Fertile Women Prefer Manly Men
A woman prefers a more masculine man when she is fertile and looking for a fling rather than a mate for life, according to a new study.
The finding suggests the value that women place on masculinity changes with context and with women's reproductive cycles and immediate goals. A woman's preference for manly men also was found to vary based on how attractive she rated herself.
And some of a woman's sex drive might involve tricks in the brain over which she has no control.
Previous research has shown that women view facial masculinity--square jaws and well-defined brow ridges--as good characteristics for short-term partners, while more feminine traits are perceived as better for long-term mates. Another study found that women smell better to men at certain points in their menstrual cycles.
A new look
In the new study, researchers asked women who were at different points in their menstrual cycles (and who were not on the pill) to rate their own attractiveness. Then researchers presented them with image pairs representing "feminized" and "masculinized" versions of the same male body. The women were asked to choose the body they thought was most attractive for a short-term relationship and then again for a long-term relationship.
Some of the women performed the experiment again at the opposite point in their cycle.
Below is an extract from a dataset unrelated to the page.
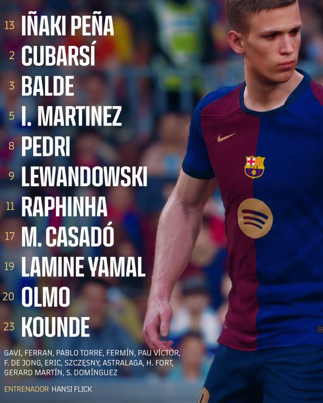 Inaki Pena; Kounde, Cubarsi, Inigo Martinez, Balde (Hector Fort 88′); Pedri (Gavi 74′), Casado, Olmo (De Jong 60′); Yamal, Lewandowski (Pau Victor 74′), Raphinha (Ferran Torres 60′)

Fertile women chose the masculine version of each image 15 percent more often, on average, than women who were not fertile, said lead researcher Anthony Little, a psychologist at the University of Stirling in Scotland. The effect was strongest if they were looking for a short-term partner rather than a long-term one, and if they considered themselves attractive.
These findings, to be detailed in an upcoming issue of the journal Hormones and Behavior, reveal that "preferences are not absolute," Little said.
Temptation by testosterone
Women might be drawn to Brad Pitt types at the peak of their cycles for reasons related to evolutionary biology. Masculine bodies tend to have higher circulating levels of the hormone testosterone. While testosterone isn't necessarily a good thing in itself--research suggests that it can inhibit immune function, and eunuchs, who have low levels of testosterone, tend to live longer than normal males--its presence can be indicative of quality.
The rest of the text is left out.